Task brief: Pictures are to be dropped from the copy. Retype the listing exactly.
[Opening Input data section]
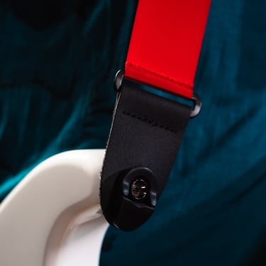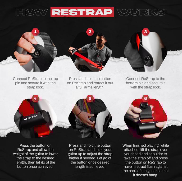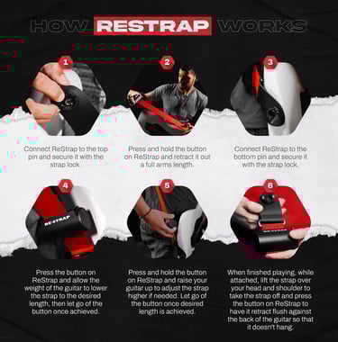 ReStrap guitar straps have a unique patented adjustable feature that allow you to retract the strap with the push of a button using the weight of the guitar, doing away with the time-consuming adjustments of a traditional strap.
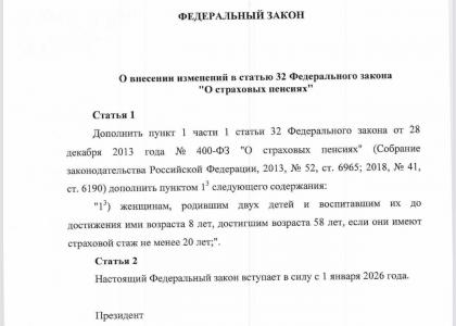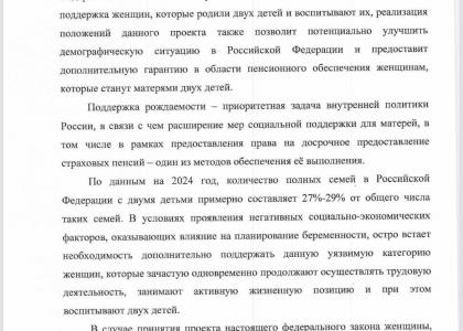 Документ предлагает дополнить пункт 1 части 1 статьи 32 федерального закона «О страховых пенсиях» новой нормой, согласно которой матери двух детей, воспитавшие их до достижения ими восьмилетнего возраста, смогут оформлять страховую пенсию досрочно — с 58 лет, при наличии не менее 20 лет страхового стажа.
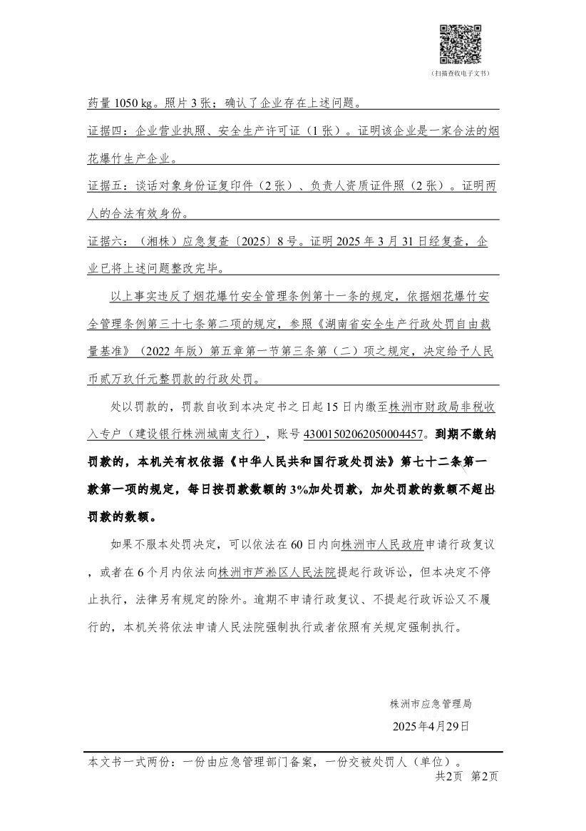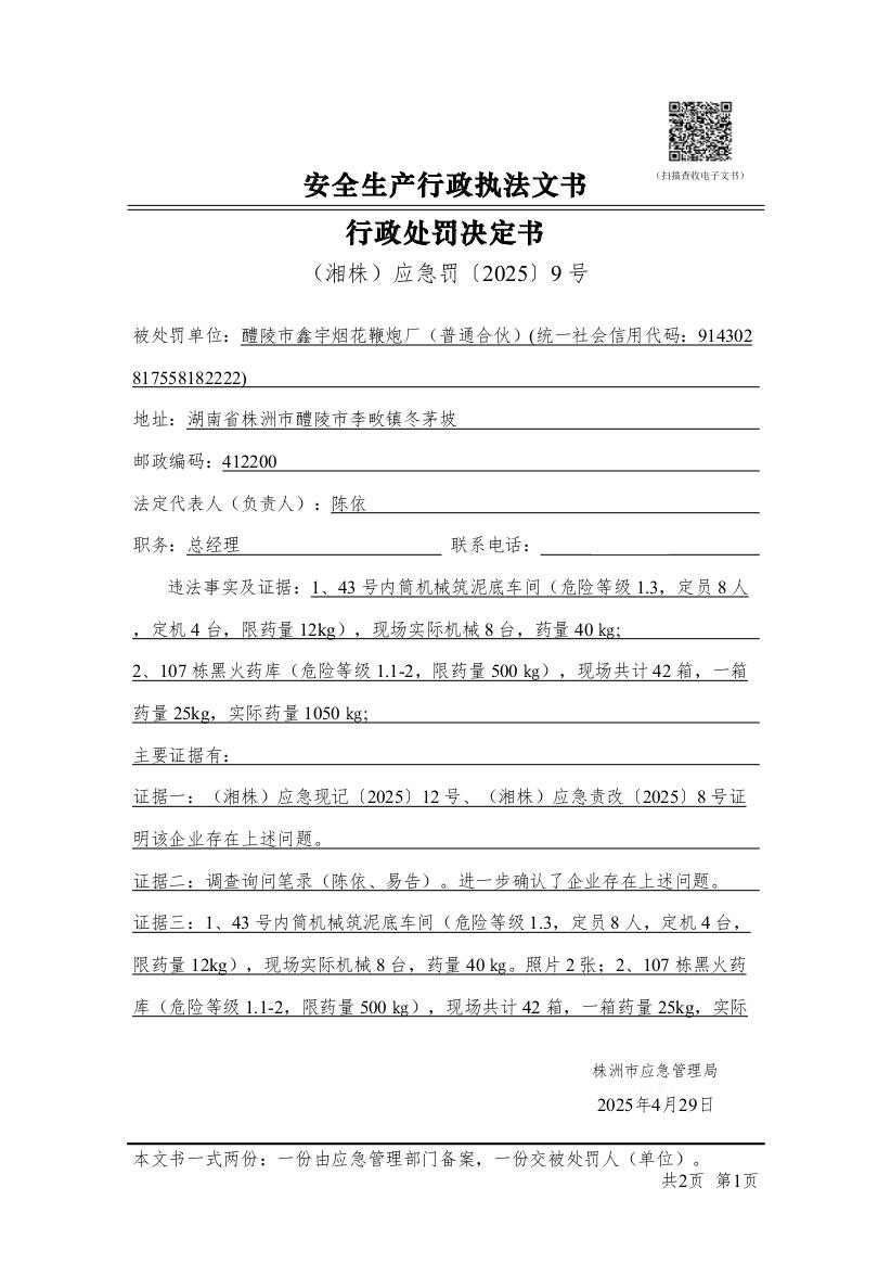 醴陵市鑫宇烟花鞭炮厂行政处罚决定书
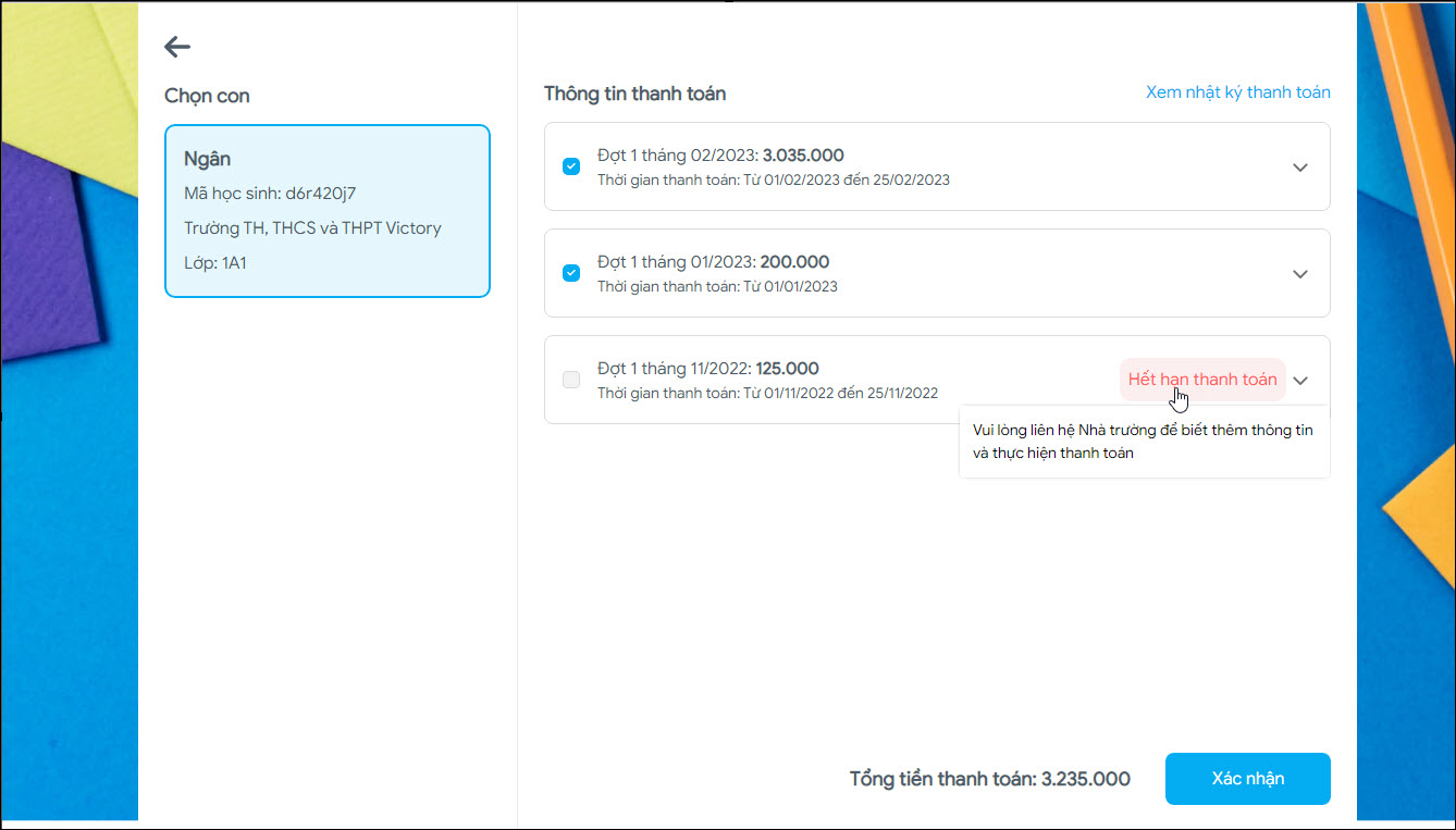 - Hiện tại trên cổng thanh toán, phụ huynh có thể theo dõi thông tin tiền học chi tiết từng đợt, từng khoản, gọi chung các đợt thu là Học phí đơt…, hết hạn Học phí và không theo dõi được ghi chú từ nhà trường.
[Closing Input data section]
Solution for this exercise:
 ReStrap guitar straps have a unique patented adjustable feature that allow you to retract the strap with the push of a button using the weight of the guitar, doing away with the time-consuming adjustments of a traditional strap.
 Документ предлагает дополнить пункт 1 части 1 статьи 32 федерального закона «О страховых пенсиях» новой нормой, согласно которой матери двух детей, воспитавшие их до достижения ими восьмилетнего возраста, смогут оформлять страховую пенсию досрочно — с 58 лет, при наличии не менее 20 лет страхового стажа.
 醴陵市鑫宇烟花鞭炮厂行政处罚决定书
 - Hiện tại trên cổng thanh toán, phụ huynh có thể theo dõi thông tin tiền học chi tiết từng đợt, từng khoản, gọi chung các đợt thu là Học phí đơt…, hết hạn Học phí và không theo dõi được ghi chú từ nhà trường.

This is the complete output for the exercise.